This was a harder ask of engineering and a bigger conceptual shift for stakeholders. It required grounding every proposal in the journey map evidence to earn the room for that conversation.
One platform, parallel workflows, metrics in context
The final design addressed all three problems directly. We focused on reducing external tool dependencies, breaking the sequential handoff bottleneck, and giving management real-time visibility into the release pipeline. It also surfaced a concrete roadmap of where AI-assisted automation could eliminate manual steps that had no good reason to stay manual. Five design moves defined the solution.
In-Workflow Artifact Editing
Review and documentation surfaces that previously lived in external tools were brought directly into the workbench workflow. Reviewers no longer needed to leave the platform to complete their portion of the release process, eliminating a significant source of context switching and tool overhead.
Visual Pipeline Progress Indicator
A real-time view of where a detection rule stood in the release pipeline, tied directly to key metrics, including time-to-release and noisiness/cost. Anyone on the team could see the status of any rule without chasing updates or cross-referencing external trackers.
Concurrent Action Items
Instead of waiting for linear handoffs, the new system triggered parallel tasks at the start of the process. Each team could begin their portion of the work independently, without waiting for the previous team to finish first. The structure reflected how the work actually could run, not how convention had constrained it.

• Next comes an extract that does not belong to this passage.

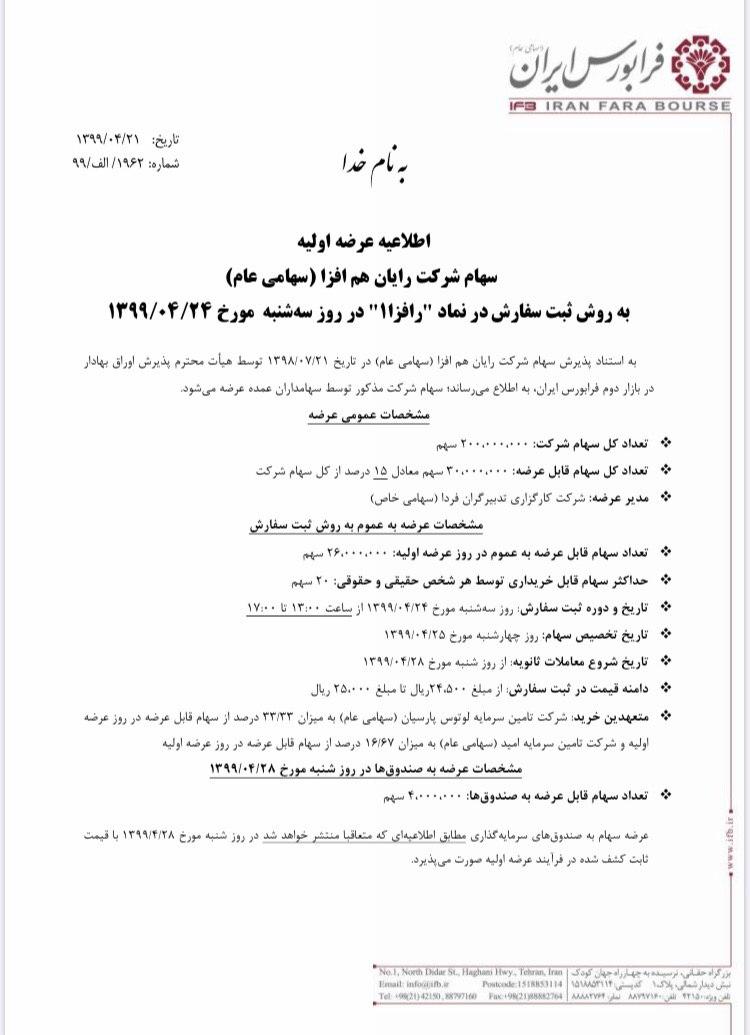 افزون بر این زمان سفارش گیری سهام «رافزا» روز سه شنبه ۲۴ تیر از ساعت ۱۳ تا ۱۷ اعلام شده، مدیر عرضه شرکت کارگزاری تدبیرگران فردا و متعهدین خرید تامین سرمایه لوتوس پارسیان و تامین سرمایه امید هر کدام به میزان ۳۳.۳۳ و ۱۶.۶۷ درصد سهام قابل عرضه در روز عرضه اولیه هستند.

AI Automation Opportunity Mapping
Research identified several manual review triggers and documentation steps with no meaningful human judgment requirement. Rather than designing around them, I surfaced them explicitly as near-term AI integration points within the workflow UI. This gave engineering a prioritized, design-informed roadmap for where intelligent automation would add real efficiency without introducing risk into a high-stakes process.
Management Dashboard & Rule History
A dedicated management view gave team leads real-time visibility across all rules, with the ability to filter by status (Released, In Progress), surface key metrics at a glance (total count, noisy flags, recently released), and access a per-rule history timeline that logged every stage transition and reviewer action from submission through release. Oversight went from reactive to immediate.

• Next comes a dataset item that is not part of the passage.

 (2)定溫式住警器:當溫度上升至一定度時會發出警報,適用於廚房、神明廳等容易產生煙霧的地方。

Adopted before it finished shipping
The clearest signal of the design's impact wasn't a post-launch metric. The threat research team began adopting the workbench while it was still in active development, a direct indicator that the workflow improvements were immediately legible and valuable enough to switch for before the product was complete.

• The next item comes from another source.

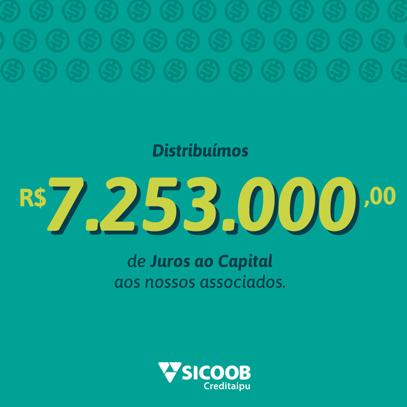 Em 2022 o Conselho de Administração do Sicoob Creditaipu decidiu que o valor distribuído sobre os juros ao capital, correspondesse a 100% da taxa média de remuneração do índice da poupança. Foram R$ 7,2 milhões destinados aos associados com capital social integralizado.
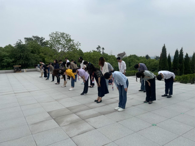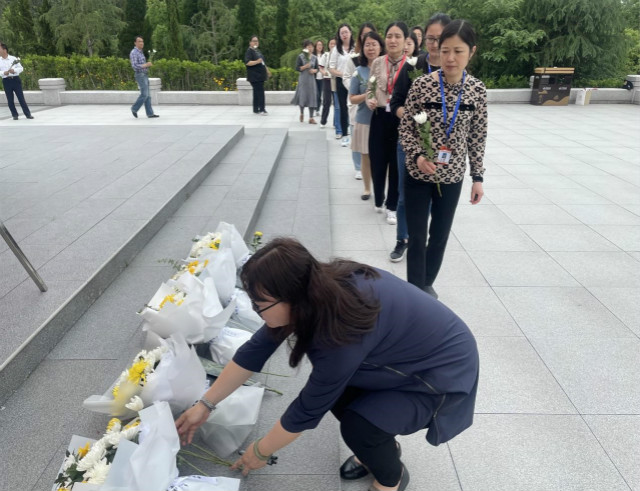 当天下午,该系全体党员教师,排着整齐的队伍,迈着沉重的步伐,怀着崇敬的心情,肃立在刻着“革命烈士永垂不朽”的纪念碑前,机械工程系主任佟静同志和徐磊同志将敬献的花篮摆放在纪念碑前,仔细整理好缎带之后,带领全体党员向革命先烈鞠躬致敬,低头默哀,重温入党誓词,向革命烈士表达无限敬意与哀思。

Beyond the metrics, the project reframed what the workbench could be. What started as a code editor became the operational center of the detection engineering process, a meaningful shift in scope, team dependency, and platform value.
The redesign also created a foundation for AI integration the platform had never had before. By making each step's inputs, outputs, and handoff conditions explicit, the workflow structure became something engineering could reason about programmatically. The automation opportunities identified during research had a clear home to land in. That was a design outcome as intentional as anything visible in the UI.
What this project changed about how I work
Being brought in post-POC isn't a limitation, but you have to earn the room. The journey map gave me the standing to propose significant rework of an existing concept, allowing me to base redesign recommendations on documented, verified user evidence. This made the difference between "the designer wants to redo our work" and "here's what we're missing and here's the data behind it." Engineering teams that might have resisted redesign instincts accepted evidence-based restructuring.
In technical domains, the fastest path to good solutions is sometimes the slowest path to first wireframe. Front-loading research and verifying the journey map before touching Figma felt like it was costing time. In practice, it prevented weeks of misdirection and meant that by the time I was designing, the team was already aligned on what we were solving. The investment paid back quickly.
The bravest design proposal is often the one that challenges the process, not just the interface. Recommending a concurrent task model over a digitized version of the existing linear workflow was a harder conversation. It was also the right one. Scoping design work to UI improvements alone would have shipped faster and addressed less. The willingness to surface the structural problem, backed by evidence, is what made the project meaningful.
Designing for AI starts with mapping what humans shouldn't have to do. The clearest automation opportunities in this project didn't come from asking "where can we add AI?" They came from the journey map, which made visible exactly which manual steps had no good reason to stay manual. Research first, automation second. That sequence produces AI integration that actually fits how people work, rather than AI layered onto a process that was broken to begin with.